I no longer feel that I have to resist subscribing to RSS feeds for fear of overwhelming myself. In fact, the more I subscribe to feeds on a given subject, making a simple decision of whether they’re kindling or sparks, the more value I think I’ll get out of RSS reading overall. I love that I can set options on a per-feed or per-group basis, as there are some feeds that may do better with excerpt vs. full feed, or that I do need to see unread counts. I love that I was easily able to set a cron job with my host which automatically updates my feeds on a regular basis.

And it’s beautiful. Clean and very elegant. Extremely readable.
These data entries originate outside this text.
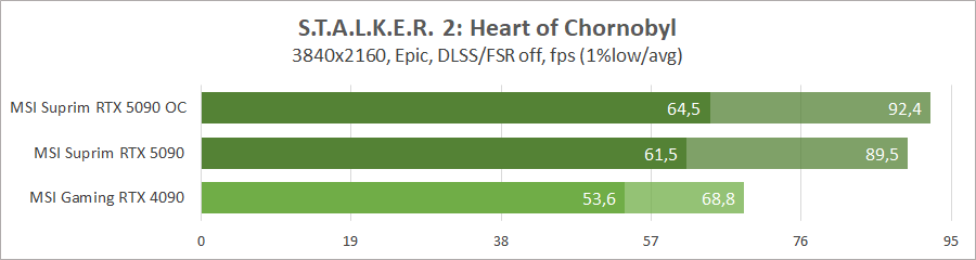 Что ж, у нас новый чемпион, способный демонстрировать недостижимую ранее производительность. GeForce RTX 5090 обходит своего предшественника на 20–50 процентов в 4K при максимальной настройке графики, что позволяет попробовать играть при еще большем разрешении. Для такого мощного ядра были соответственно увеличены разрядность шины и объем памяти, что можно назвать лишним для развлечений и так необходимым для работы. Но все сделано не даром и за все нужно платить. Чип оказался достаточно большим, сложным и с фантастическим потреблением энергии, что требует эффективной системы охлаждения. И по видеокарте MSI GeForce RTX 5090 Suprim SOC мы это видим — она габаритная и тяжелая, так что дополнительное ее закрепление в корпусе ПК не помешает. К счастью, уровень шума от нее небольшой, и собрать мощную и относительно тихую игровую систему с ней можно без проблем, главное, иметь просторный корпус. И если увеличение размеров графических адаптеров сейчас вряд ли кого удивит, то цена в 1999 долларов и больше... тоже уже никого не удивляет, особенно после GeForce RTX 3090 Ti (и криптолихорадки). Карт сейчас нет даже по цене производителя, и когда они появятся в достаточном количестве, до сих пор не известно. Если повезет купить MSI GeForce RTX 5090 Suprim SOC — это будет хороший выбор для ультимативного гейминга с монитором 4K. Карта имеет улучшенный заводской разгон, поэтому она уже «из коробки» производительнее стандартных версий, а с ручным разгоном ее преимущество только усилится. Для любителей же тишины предусмотрен Silent-режим с меньшими частотами.
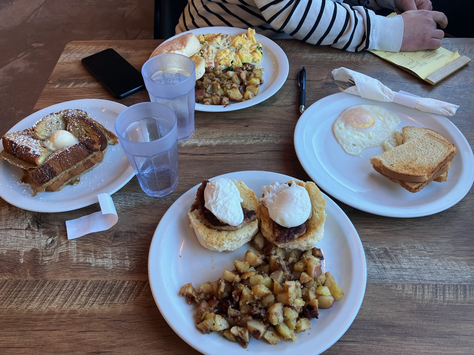 My wife and I agreed to split a cinnamon roll. It was huge, heavenly-light but the butter frosting made it delightfully sinful. Combo it for 3.50 extra and get perfect eggs, bacon, and toast.
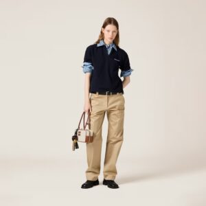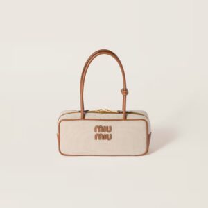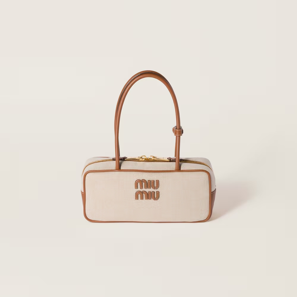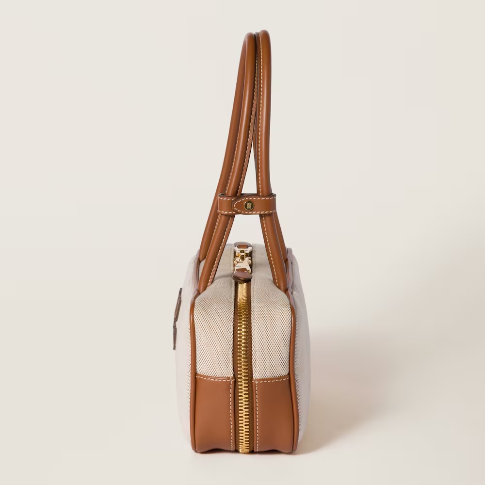 The neutral shades of canvas, enhanced by the leather trim and logo in a contrasting color, highlight the artisanal charm and dynamic silhouette of the iconic Beau bag.
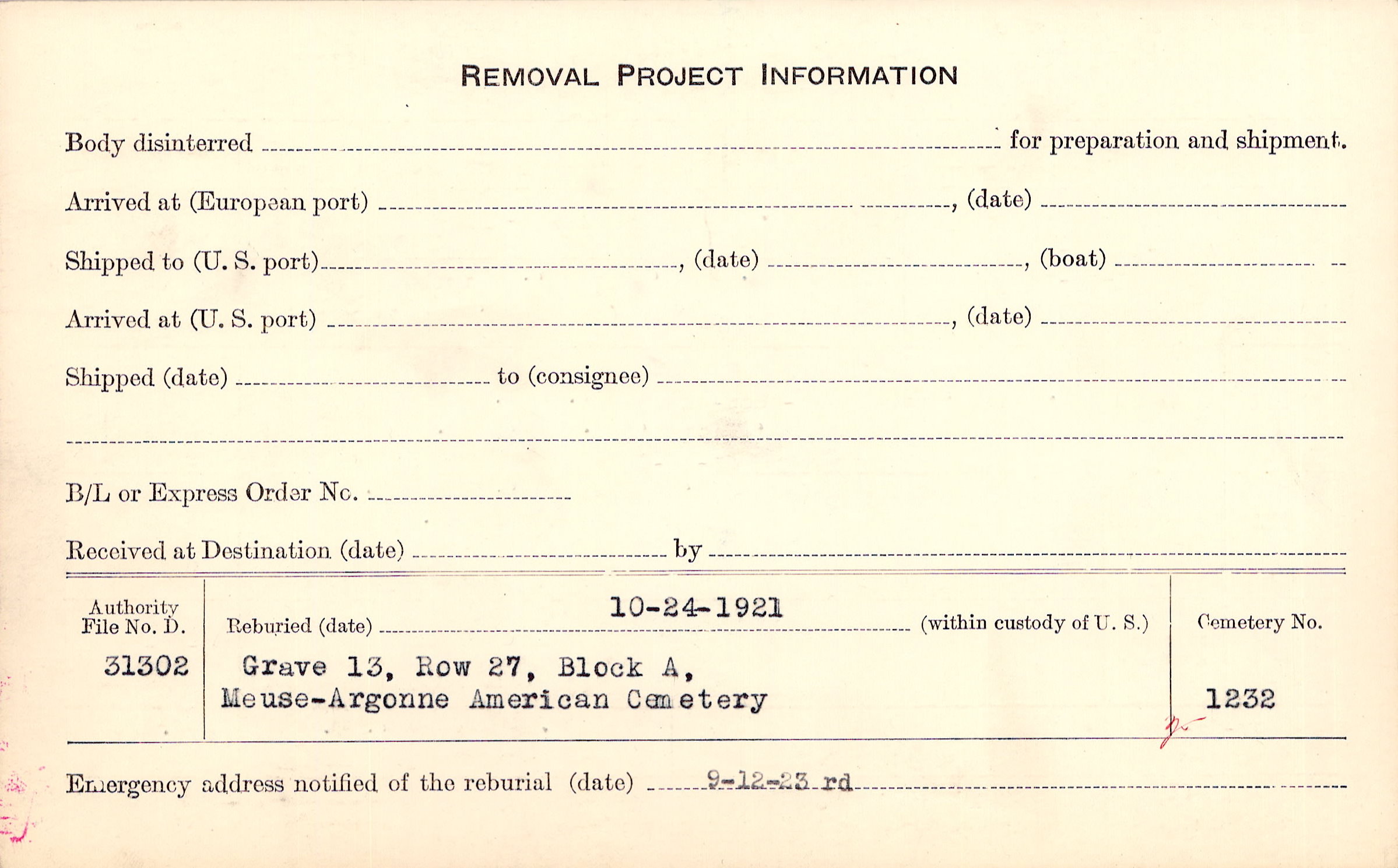 | Permanent Burial in Foreign Cemetery |

Fever isn’t perfect. There are some display issues, especially on the iPhone. And it’s only as fast as your hosting service. But Shaun has been responsive and promises updates soon. It appears that the application will auto-update itself, as if it were a hosted web app.

It’s also not collaborative. If you’re in to sharing feeds on Google Reader, Fever will disappoint you. I find that I tend to share articles on Twitter or Facebook directly from the page, rather than from Google Reader so this is a feature I don’t miss.
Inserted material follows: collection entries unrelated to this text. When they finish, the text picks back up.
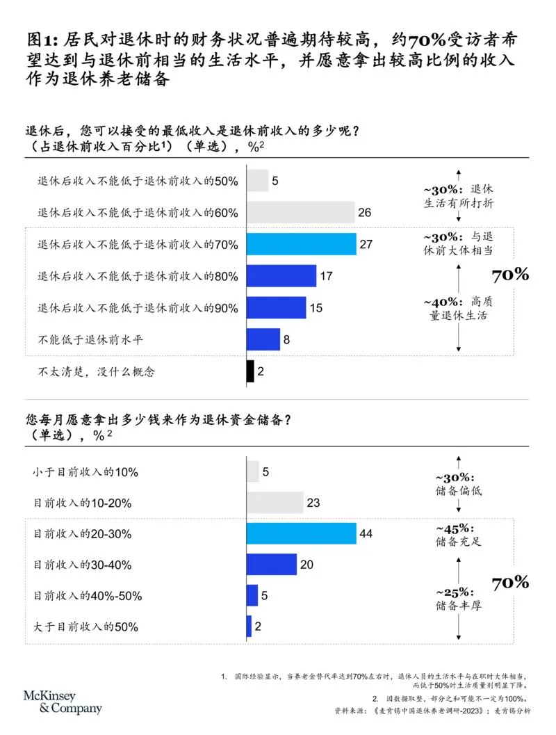 (一)愿望:70%想维持退休前生活,愿高比例储备
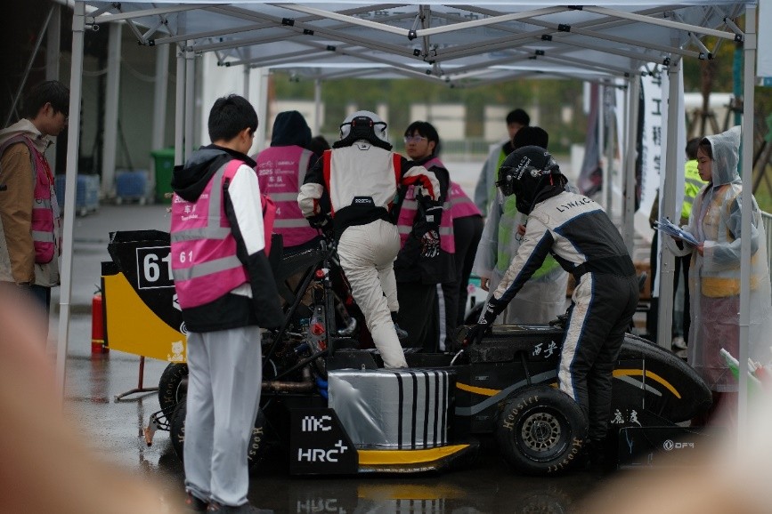 开赛第一天,队长廖博新带领四位车手进行了队员登记和车手注册。作为赛事安全的重要保障,车手逃生要求车手在五秒内完成一系列操作离开车舱。毅行车队顺利完成了车手逃生测试,XR25B的单体座舱与快拆方向盘设计极大提升了车手逃生的速度,较以往提升20%。
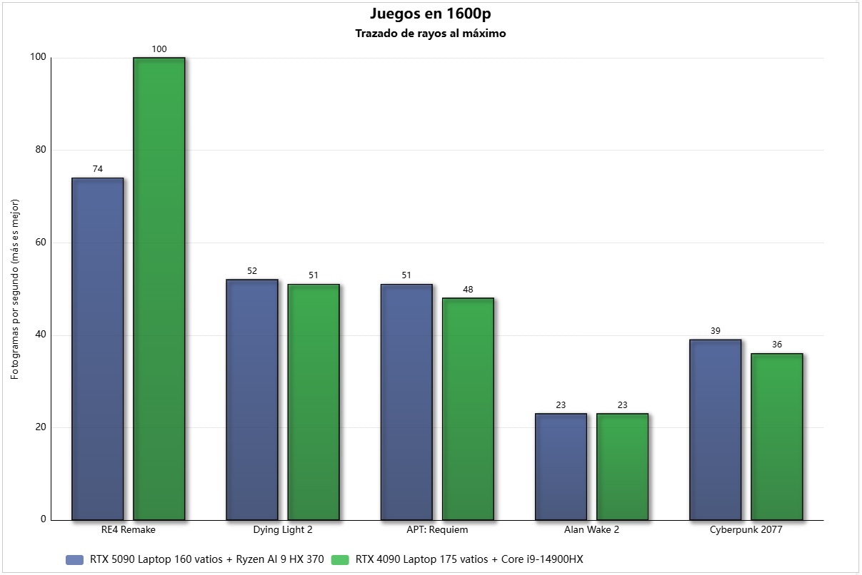 Con trazado de rayos activado la cosa está bastante igualada, pero la GeForce RTX 5090 Laptop gana en todas las pruebas, excepto en Resident Evil 4 Remake, donde ocurre lo mismo que en la prueba bajo rasterización. Está claro que ocurre algo que no vemos, y como os dije puede que se deba a un tema de drivers o de escalado con la mayor frecuencia de la GeForce RTX 4090 Laptop.
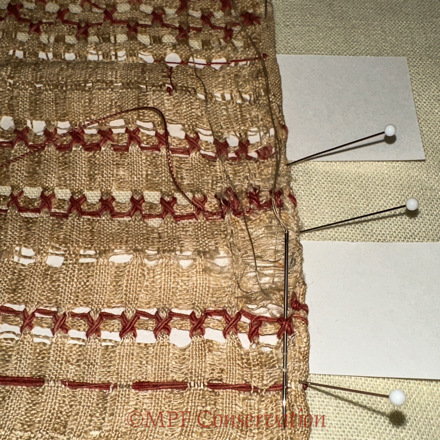 Added maroon threads to secure embroidery within drawn thread area.
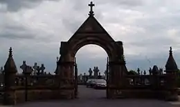 Within the cemetery there are three large sections of open space, each about the size of a football pitch, designated as "poor ground". Over 80,000 people are buried in the cemetery's poor grounds, many of whom died in the flu pandemic of 1919.[1] Since 2007, the 55-acre (220,000 m2) cemetery has undergone extensive work, reversing years of neglect.

We’ll see if I miss Google Reader at some point, but right now I don’t think I will.


7 responses to “A new look at RSS: Fever”
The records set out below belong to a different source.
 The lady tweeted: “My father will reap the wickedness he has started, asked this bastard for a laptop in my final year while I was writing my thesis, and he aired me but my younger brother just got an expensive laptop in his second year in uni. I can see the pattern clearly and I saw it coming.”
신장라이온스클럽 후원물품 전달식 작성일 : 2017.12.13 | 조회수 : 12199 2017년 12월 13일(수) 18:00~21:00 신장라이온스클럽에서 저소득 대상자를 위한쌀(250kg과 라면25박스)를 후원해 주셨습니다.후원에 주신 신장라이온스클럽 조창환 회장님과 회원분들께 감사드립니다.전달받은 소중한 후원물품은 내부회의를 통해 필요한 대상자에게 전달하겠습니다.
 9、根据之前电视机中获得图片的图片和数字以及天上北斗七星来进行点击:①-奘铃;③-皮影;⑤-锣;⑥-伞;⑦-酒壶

  1. Thanks for the review Judi – I had just heard about Fever yesterday and was wondering if it was worth the trouble (and $) to set it up.

    Think I’ll give it a shot this weekend.


  2. It’s a bit of back and forth between your site and feedafever.com to get it set up, and I admit I had some trouble at first because I forgot that databases at MediaTemple aren’t ‘localhost.’ But once I had that problem solved, the installation was simple. I think it will only get better over time.

  3. Looks interesting. Wish there was a better try-before-you-buy option. Also having a little trouble getting the compatibility script to run on my ultra-cheap web host. Can you set it up to add feeds in the standard Firefox way, or do you have to use the bookmarklet? I’m low on bookmarklet space.

    • I can’t help you with your host, I’m afraid. Much of the PHP/MySQL geekiness is over my head.

      I haven’t tried adding a feed in any other way than the bookmarklet. If it helps, I have a folder called “Helpers” and I put some of my less-used bookmarklets in there. Then I can just select them from a drop down when needed instead of spreading them across my toolbar.